Tralascerei le vicende fuori dal campo che in fondo non sono fatti nostri e che han fatto di pele uno dei brasiliani meno amati in Brasile.
Buon giocatore pele diventato grande grazie all’enfatico gusto dell’iperbole dei giornalisti di allora e dalla mancanza di televisione.una volta chiesi a mio padre quanto volte lo aveva visto giocare”una decina,forse e con la tv in bianconero le immagini dal Sud America erano quelle che erano,spesso a telecamera fissa”.
Vinse tre mondiali,uno da protagonista,uno non lo gioco proprio e nel ‘70 non fu certo lui il brasileiro più decisivo.piu di mille gol non documentati da statistiche attendibili e quando venne in Europa non tocco mai palla.
La penso come Bilbao.
Il calcio,quello vero inizia negli anni 70 e lo scrivo perché non voglio polemizzare perché in verità inizia quando viene abolito il retropassaggio al portiere.
Platini
Maradona
Zidane
Cr7
Messi.
Il resto è fuffa iperbolica per nostalgici.
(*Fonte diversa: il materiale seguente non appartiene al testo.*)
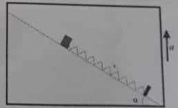 - A body of mass ##10 kg## is connected to a spring of constant ##490 \frac{N}{m}## and it lies on an frictionless inclined plane. The angle formed by the plane and the floor is ##30°##. This block is inside a room which accelerates upwards with ##a=5 \frac{m}{s^2}##. Prove that if the mass is moved away from its equilibrium point, it will experience simple harmonic motion

Per me, Pelè è stato il n.1 ogni epoca, NONOSTANTE non si sia mai degnato di giocare in Europa.
Ma ha vinto 3 mondiali su 3 finali disputate, di cui 1 in Europa. Aveva fisico e tecnica. Poteva giocare ovunque (pare si sia disimpegnato molto bene anche come portiere, il che, per uno alto intorno al metro e settanta, non è banale).
Il mio giudizio su Maradona è sicuramente influenzato da considerazioni extracalcistiche, ma non solo: trovai imperdonabile la sceneggiata intorno al secondo gol (la mano de Dios) contro l’Inghilterra nel mondiale ’86.
Su Crujiff pesano certamente i 2 mondiali persi su altrettante finali, sia pure contro i padroni di casa di turno.
Non credo sia ancora il momento di valutare la carriera di CR7 e Messi, ancora in attività.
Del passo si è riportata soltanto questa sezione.